Of the two, Wooden at least has a relevant and strong background in functions relating to the State Treasurer’s office.

Wooden entered politics fresh from the college crib. He worked for Hartford Mayor Carrie Saxon Perry, also having served as Connecticut State Director for Project VOTE. Enhancing his political curricula vita, Wooden also worked for the AFL-CIO's Office of Investment in Washington, D.C. He was elected to the Hartford City Council in 2011. Narrowly losing a bid for the second district seat in the State Senate, Wooden chose not to seek reelection in 2015. Before his hitch as State Treasurer, Wooden worked for 21 years as an investment lawyer and led Day Pitney’s public pension fund investment practice. Wooden has been serving as Connecticut’s State Treasurer since January 2019, a brief 11 months.

Steeped in politics, both Wooden and Tong have carried their political virtues and vices with them into their recently occupied offices. U.S. Senator Dick Blumenthal, who served as State Attorney General for a little more than two decades, has been viewed by his infrequent critics as Connecticut’s first consumer protection senator, and this writer has referred to him as “the senator from Planned Parenthood,” the only national and international business Blumenthal is disinclined to burden with consumer protection regulations. Tong, Blumenthal’s successor, also has carried his largely progressive politics with him into the Attorney General’s office.

NBC Connecticut recently reported that Wooden “made a big statement, announcing a ‘responsible gun policy’ for Connecticut’s pension investments and financial business, which includes selling off stocks of some gun manufacturers.” Under Wooden’s direction, the Treasurer’s Office “will divest, or sell, $30 million in companies that own civilian gun manufacturing operations: Northrop Grumman, Olin Corporation, Clarus Corporation, Daicel Corporation, and Vista Outdoor.” Wooden hastened to add, “They’re not being punished. This is just a free marketplace at work. We have a concern with your product, its profitability, and as an investor, I choose to put the state’s money elsewhere,” even as he was using the Treasurer’s office to sanction companies that ran afoul of his politics. Wooden did not disclose in his media statement which other companies, aside from gun manufacturers, he planned "not to punish" by dropping them from his investment list.

Other companies whose policies dove-tail with Wooden’s on the matter of “gun safety” are to be richly rewarded by the State Treasurer. “For example,” NBC reports, “the state just hired Citibank to conduct the state’s next bond offering. Citibank has a new policy requiring weapon retailers that want to do business with the bank have universal background checks, an age requirement for gun purchases, and a ban on the sale of bump stocks and high capacity magazines.”

Wooden was spurred to action, NBC reported, owing to “Washington’s inability to provide comprehensive reforms in the wake of gun violence… And, he said, he was “spurred to act in part because he lost a loved one in a shooting in Hartford in 2012.” Details concerning the shooting in Hartford were not provided in multiple news reports.
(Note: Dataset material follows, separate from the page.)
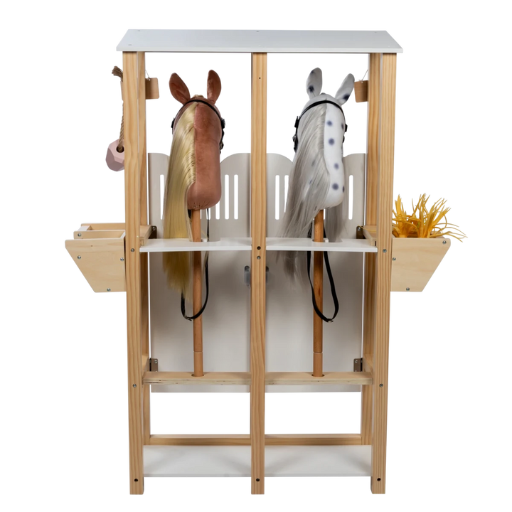 Daarnaast worden er twee kleine krijtborden meegeleverd waar je optioneel de namen van de stokpaardjes op kunt schrijven. De borden kunnen worden opgehangen aan kleine houten knoppen boven de staldeuren. Andere knoppen aan de zijkant van de stal kunnen worden gebruikt om andere accessoires op te hangen, zoals hoofdstellen, halsters, linten en andere rij-uitrusting.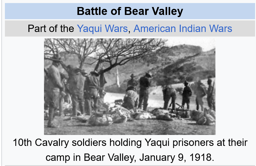 The Battle of Bear Valley was a small engagement fought in 1918 between a band of Yaquis and a detachment of United States Army soldiers. On January 9, 1918, elements of the American 10th Cavalry Regiment of Buffalo Soldiers detected about thirty armed Yaquis in Bear Valley, west of Nogales, Arizona, a large area that was commonly used as a passage across the international border with Mexico. A short firefight ensued, which resulted in the death of the Yaqui commander and the capture of nine others. Though the conflict was merely a skirmish, it was the last time the United States Army and Native Americans engaged in combat and thus has been seen as the final official battle of the American Indian Wars.

And, in the absence of details, even a sympathetic reader cannot determine whether the disinvestment course initiated by Wooden might have saved the life of his loved one – or not.

It likely is not the practice of Wooden’s former employer, Day Pitney, to encumber the investments of its clients with provisions such as Wooden has adopted as treasurer. The whole point of the treasurer’s office is to wisely invest tax dollars in entities that yield the best return on investments. The politicization of the State Treasure’s statutory mandate is not the best use that can be made of tax dollars. Once the prime directive of the office is overthrown, the State Treasurer may with impunity disinvest from companies for any political reason at all. None of the news reports point to a reasonable standard that might be applied equitably to any company other than gun manufacturers whose product is loosely connected with casualties such as, for instance, car manufacturers or the makers of assault knives, here defined as any knife misused in an assault on persons.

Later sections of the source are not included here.